What I would like to get are documents with the words "liver" or "livers" and "tumor" or "tumors", where my user can only type "liver tumors".

As bonus, I'd also love to have the phase "liver tumor", "liver tumors", etc., but will settle for the above since that will get my users close enough.

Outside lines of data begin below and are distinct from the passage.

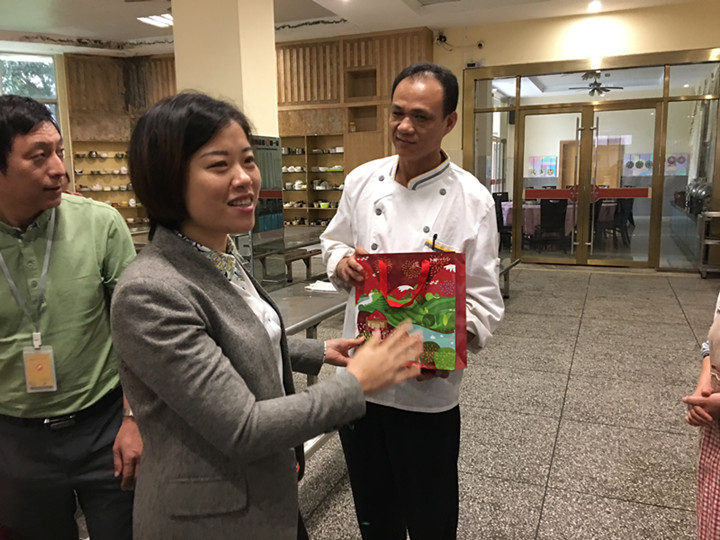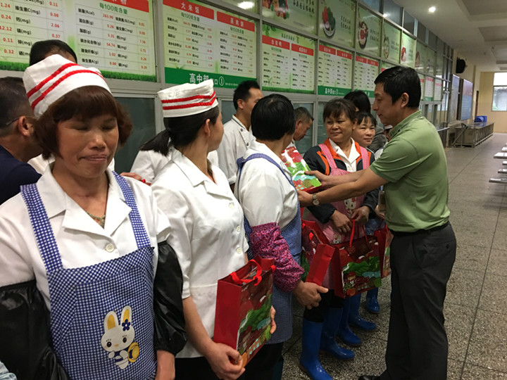 2017年3月31日下午,后勤服務(wù)公司食品采購部李莉萍總經(jīng)理親臨我校對食堂員工進(jìn)行表彰,并同鄧木金總經(jīng)理,龍華中英文實(shí)驗(yàn)學(xué)校王開利副校長給食堂員工頒發(fā)了獎品。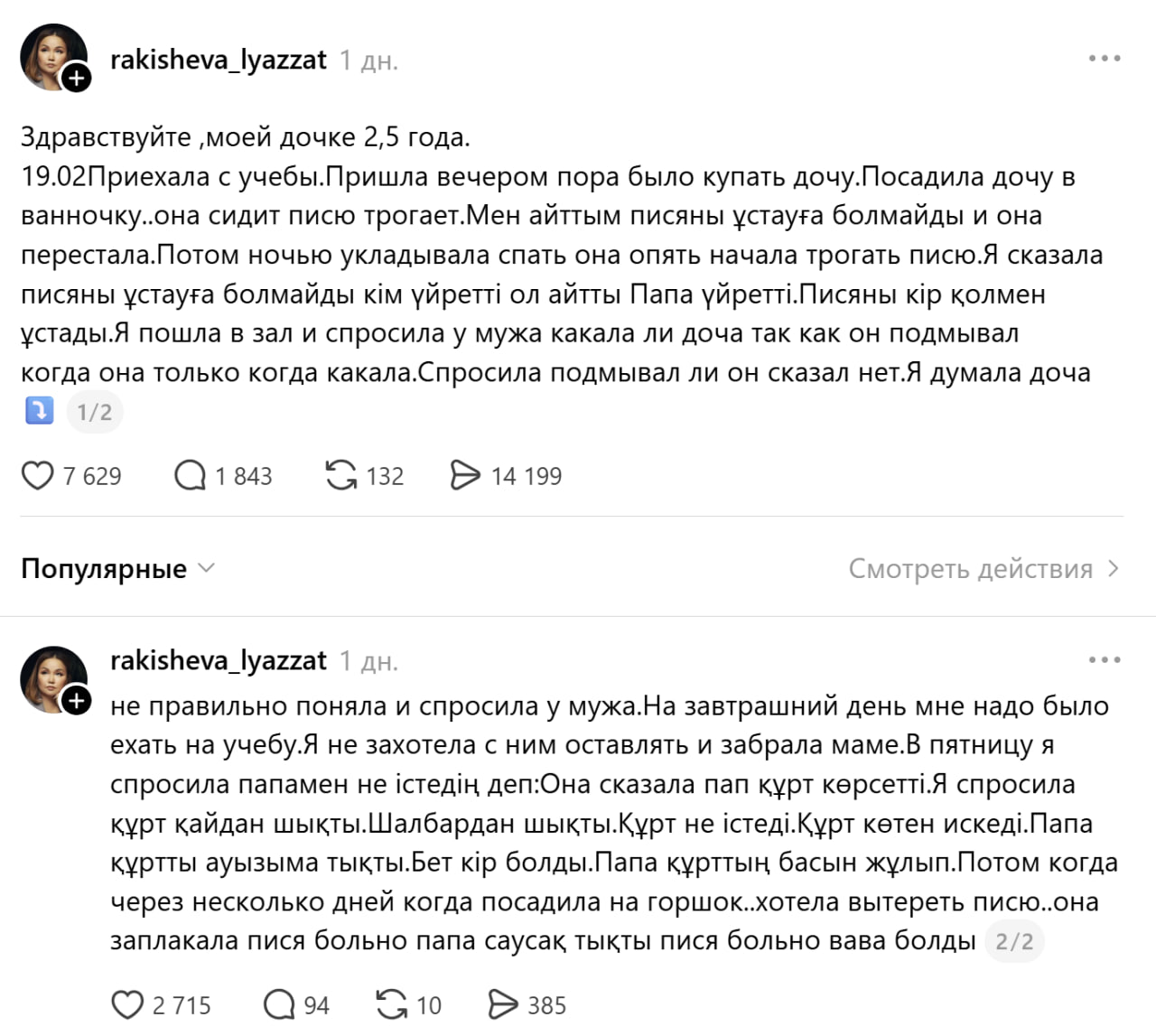 Девочка пыталась описать происходящее доступным ей языком. О том, какие именно ужасы, по словам ребенка, были совершены над ней, можно узнать из скриншотов публикации Ляззат Ракишевой.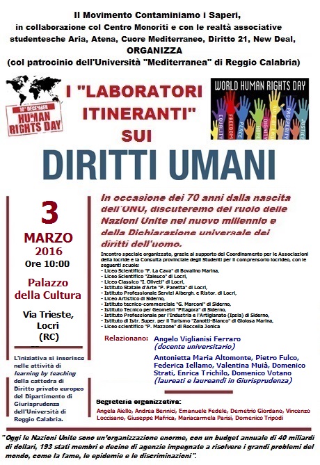 Il Progetto “Laboratori itineranti sui diritti umani”, al quale hanno già aderito oltre 20 istituti di istruzione secondaria di tutta la provincia di Reggio Calabria, è nato nel mese di ottobre del 2015 per celebrare i 70 anni dell’ONU.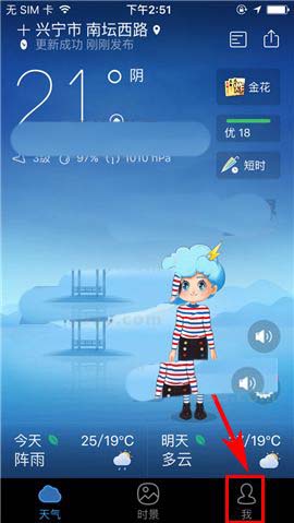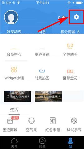 1)点开墨迹天气APP,进入首页右下角的【我】,然后点击右上方的【设置】图标;(如下图)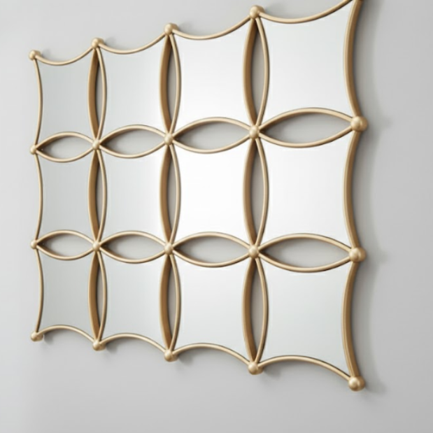 Twelve gently curved petal frames link together to form a sculptural rectangular mirror panel that reads like contemporary wall art. The repeating quatrefoil geometry brings rhythm and light to larger walls, perfect above consoles, dining buffets, or in bedrooms as a statement piece.

Any help would be greatly appreciated.

Thanks in advance.

Welcome!

I'd do this:

DELETE /resumes
PUT /resumes
{
  "mappings": {
    "properties": {
      "resume_text": {
        "type": "text",
        "analyzer": "english"
      }
    }
  }
}

POST /resumes/_bulk
{ "create" : { "_id" : "1" } }
{ "resume_text" : "liver tumor" }
{ "create" : { "_id" : "2" } }
{ "resume_text" : "liver tumors"}
{ "create" : { "_id" : "3" } }
{ "resume_text" : "brain tumor"}
{ "create" : { "_id" : "4" } }
{ "resume_text" : "liver disease" }
{ "create" : { "_id" : "5" } }
{ "resume_text" : "something else" }
{ "create" : { "_id" : "6" } }
{ "resume_text" : "liver function and kidney tumors" }

GET /resumes/_search
{
  "query": {
    "match": {
      "resume_text": {
        "query": "liver tumors",
        "operator": "AND"
      }
    }
  }
}

Also try then with:

GET /resumes/_search
{
  "query": {
    "match_phrase": {
      "resume_text": {
        "query": "liver tumors"
      }
    }
  }
}

It might be a better fit for your use case.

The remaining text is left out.